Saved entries
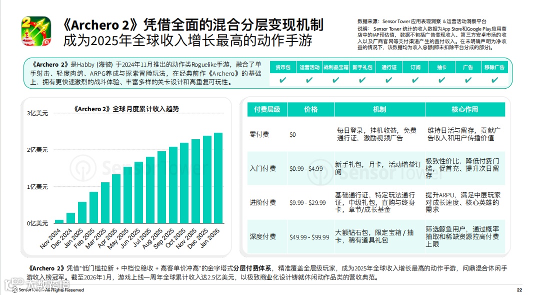报告里提到,《Archero 2》在 2025 年成为全球收入增长最高的动作手游,截至 2026 年 1 月,上线一周年累计收入达到 2.5 亿美元。
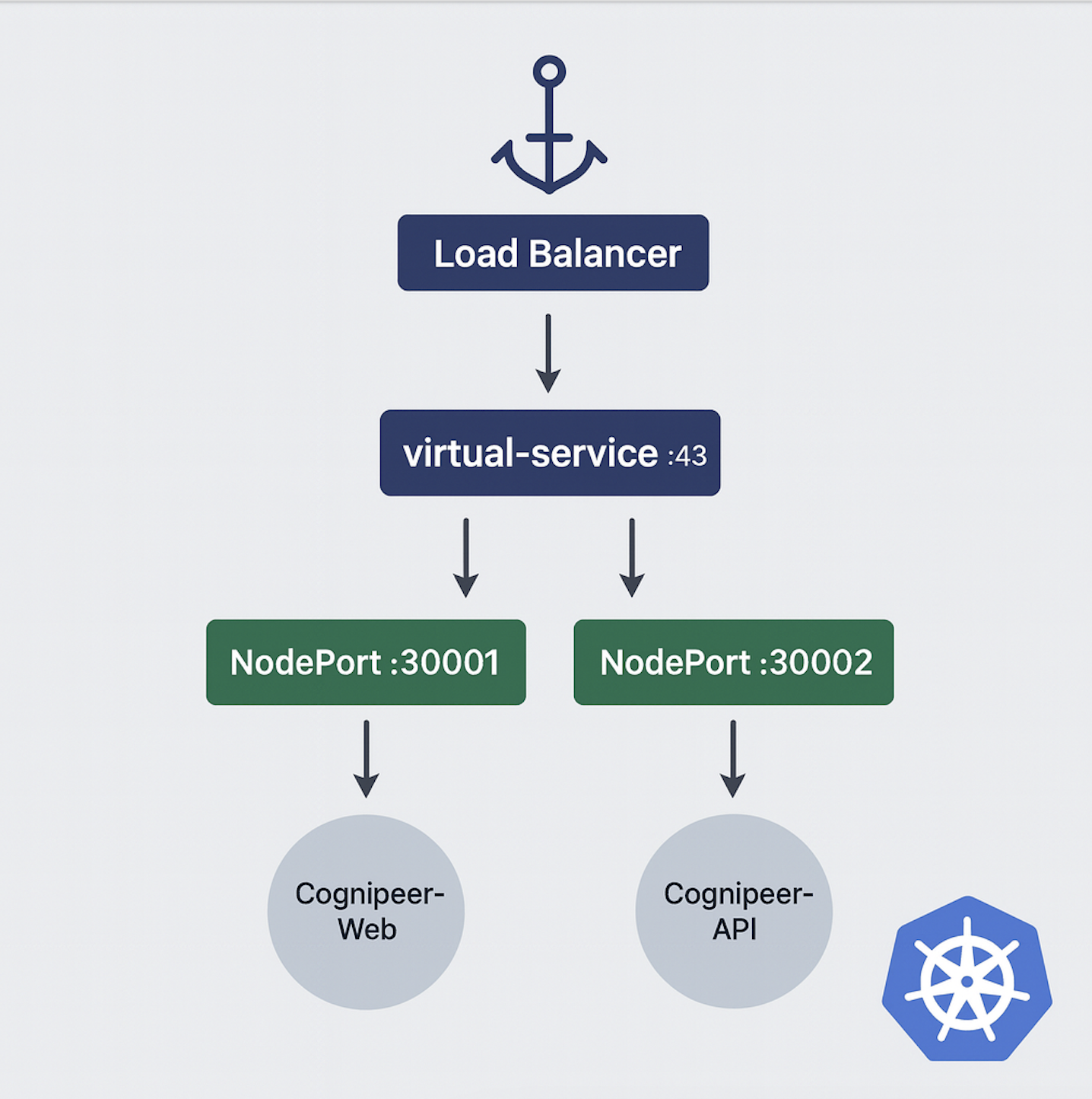 The helm charts of cognipeer-web, which is the interface application, and cognipeer-api application required for API access can be accessed in the Kubernetes environment through two different methods. These methods are as follows;
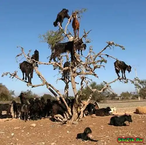 Марокко - единственная в мире страна, где козы из-за нехватки травы взбираются на деревья и пасутся там целыми стадами, лакомясь плодами аргании, дерева из орехов которого изготавливают душистое масло...
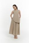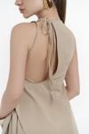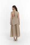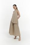 Boyundan bağlamalı, halter yaka kolsuz bluz. Asimetrik katlı kesim.
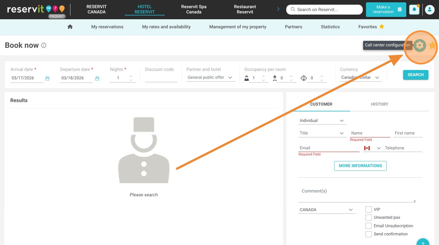 Access the Booking Module: Navigate to the "Make a reservation" section within your Reservit Lodging dashboard.
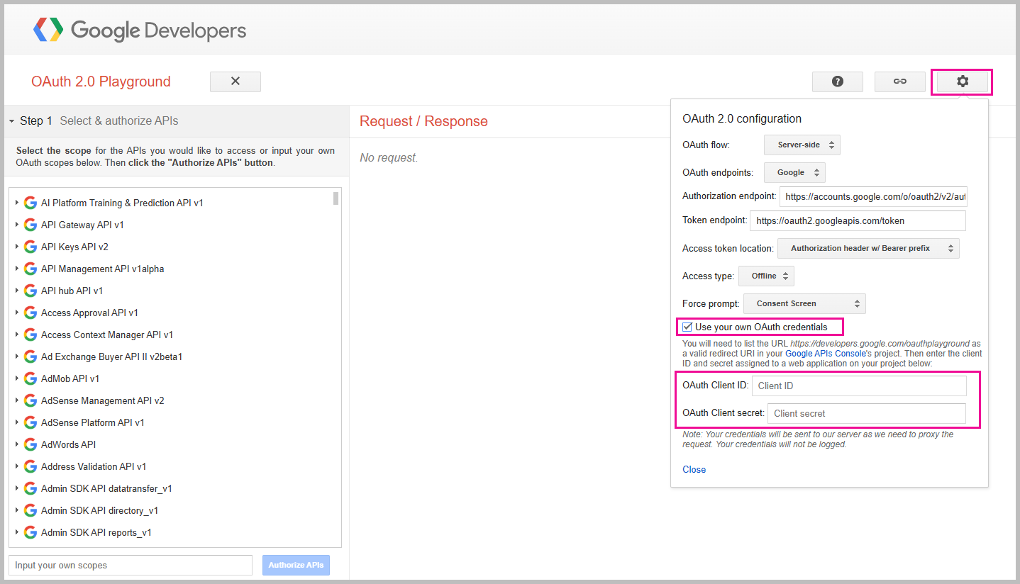 복잡한 코드 작성 없이 구글 API의 인증 과정을 직접 체험하고 테스트해 볼 수 있는 도구입니다.
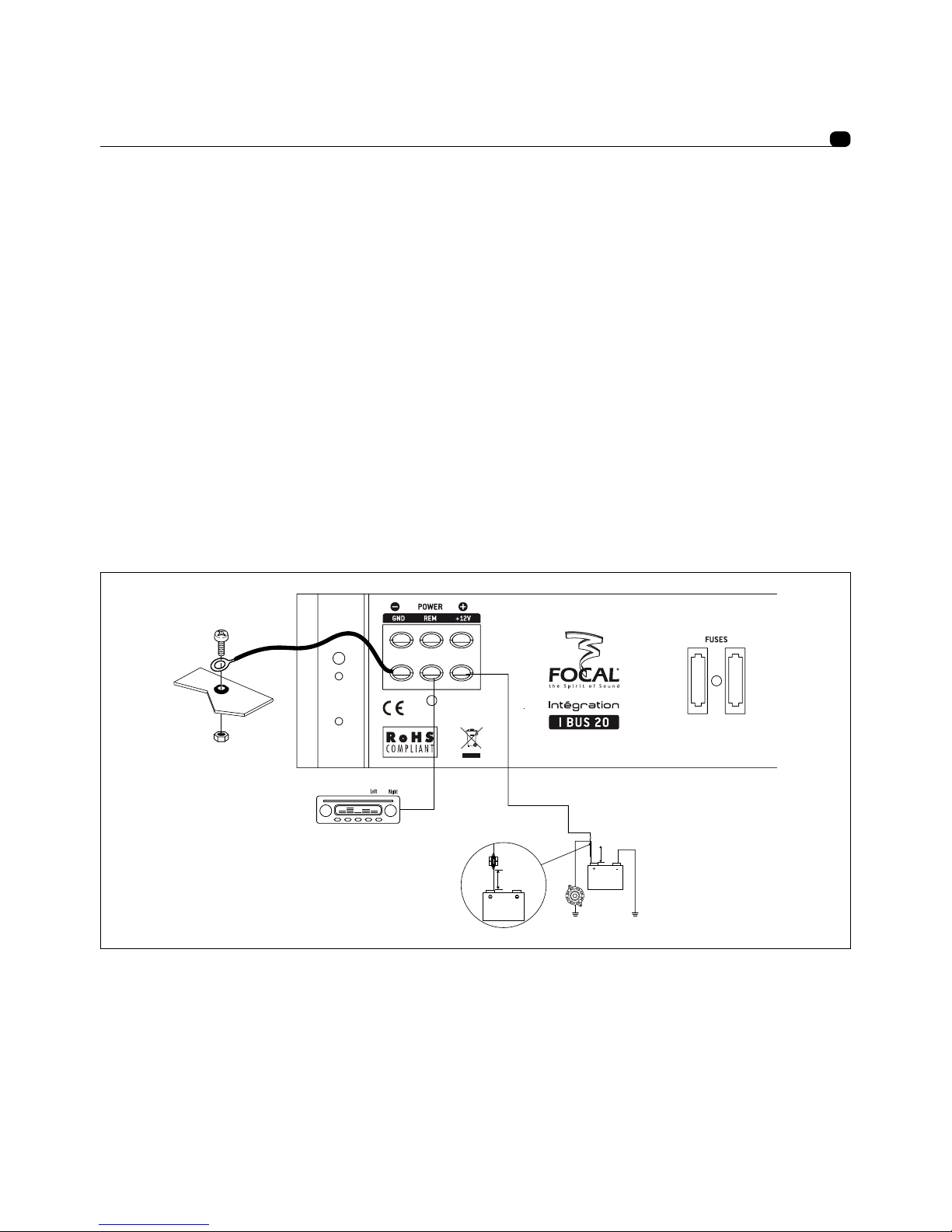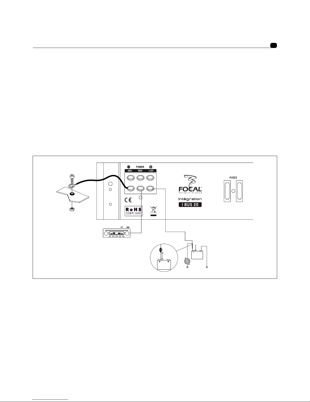 +12V : Le connecteur d’alimentation +BATT est dédié à recevoir le câble d’alimentation assurant la liaison entre

→ **PROBLEM TO SOLVE**
Set down exactly the lines running from the beginning of the entries above to the line that contains "The helm charts", including both, and leave out pictures.

→ **TASK SOLUTION**
报告里提到,《Archero 2》在 2025 年成为全球收入增长最高的动作手游,截至 2026 年 1 月,上线一周年累计收入达到 2.5 亿美元。
 The helm charts of cognipeer-web, which is the interface application, and cognipeer-api application required for API access can be accessed in the Kubernetes environment through two different methods. These methods are as follows;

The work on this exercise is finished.